Bambang Soesatyo dan Jejak Harmoko di Golkar

Ketika hadirin menyanyikan Indonesia Raya, Harmoko yang kelahiran Nganjuk, 7 Februari 1939 itu seperti tak bereaksi. Mungkin beliau bernyanyi di dalam hati.

Sabtu, 6 Juli 2019 | 12:28 WIB
0
676
Bambang Soesatyo dan Jejak Harmoko di Golkar
Bambang Soesatyo saya wawancarai (Foto: Dokumentasi Pribadi)

Bambang Soesatyo (Bamsoet) memuji langkah Airlangga Hartarto menemui Presiden Jokowi bersama para pengurus Partai Golkar.

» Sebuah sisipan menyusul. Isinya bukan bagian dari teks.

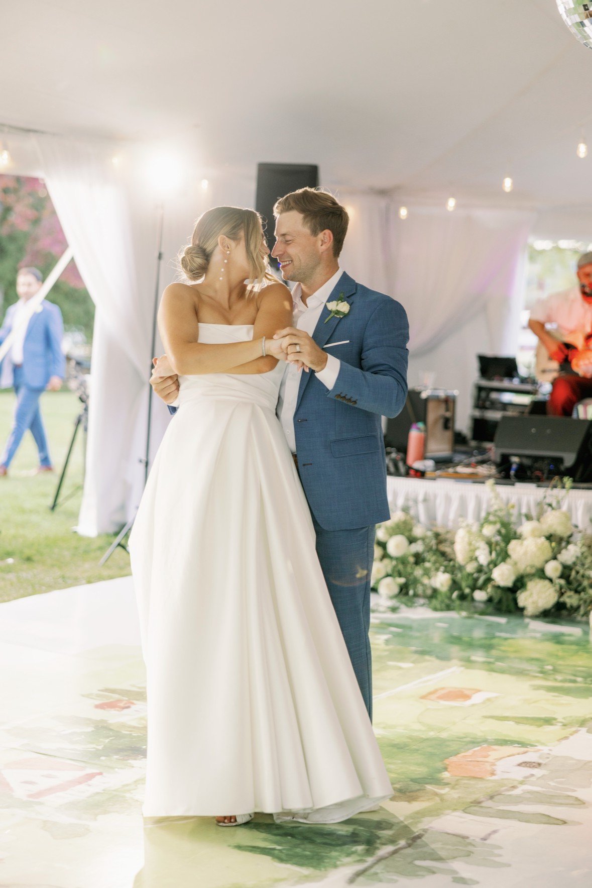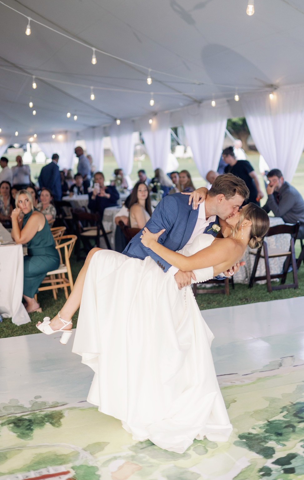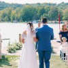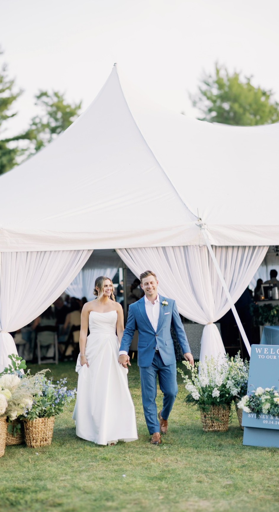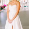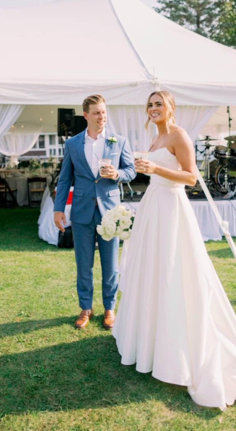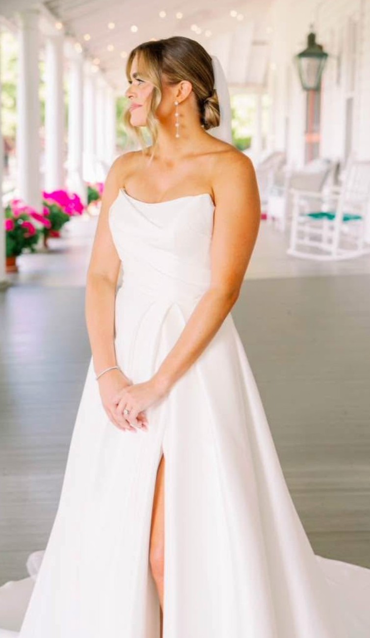 Louvienne Malea dress purchased at Lovely Bride Chicago. A line style with pockets, slit, and additional buttons added to run down the entire back of the dress. The peaked bodice is incredibly flattering and I loved capturing a traditional look with a modern touch with the slit! Professionally dry cleaned immediately after the wedding but there are some light dirt stains along the hem line (would be eliminated if hemming) from dancing the night away at our outdoor wedding! No alterations to the bodice. I had the slit stitched for modesty/to control when I wanted the slit vs a more traditional look but stitch could easily be cut for a more dramatic look.

Hal itu, kata dia, sudah sepatutnya dilakukan karena pengurus daerah ikut berjuang langsung memenangkan Jokowi sebagai Presiden.

Padahal ada yang menilai langkah Airlangga Senin (1/7/2019) di Bogor itu sebagai manuver untuk meraih dukungan Istana agar bisa terus memimpin Golkar hingga 2024. Andai Golkar tetap di bawah Airlangga, keajegan dukungan terhadap pemerintahan Jokowi akan lebih terjamin.

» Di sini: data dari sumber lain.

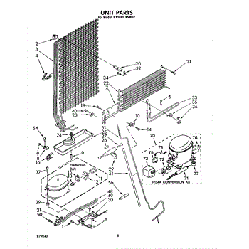 The Defrost Thermostat is an OEM part for Whirlpool refrigerators. The thermostat monitors the temperature of the evaporator coil and signals the defrost heater to turn on or off to prevent frost buildup, ensuring efficient cooling.

Rupanya Bamsoet tak mau kalah. Dia pun menjamin dukungan terhadap Jokowi tak akan memudar di tengah jalan. Sebab hal itu merupakan aspirasi para pengurus daerah yang disampaikan kepadanya.

“Kalau ada ketua umum terpilih deny (mengingkari) dukungan ke Jokowi, akan kita sikat di tengah jalan,” ujarnya.

Sarjana Ekonomi dari Sekolah Tinggi Ekonomi Indonesia itu mengawali karir sebagai wartawan di Prioritas pada 1985. Pada 2004 Bamsoet menjadi Pemimpin Redaksi Suara Karya. Selain itu, dia juga merintis beberapa usaha. Pada 1999, Bamsoet menjadi Komisaris PT Suara Irama Indah Direktur PT SIMA, tbk (2006), dan Direktur Kodeco Timber (2007), dan usaha lainnya.

Bamsoet bergabung dengan Golkar sejak 1995. Dia merintisnya dengan menjadi anggota Generasi Muda Kosgoro Pusat. Juga aktif di Angkatan Muda Partai Golkar dan Kesatuan Organisasi Serbaguna Gotong Royong (Kosgoro).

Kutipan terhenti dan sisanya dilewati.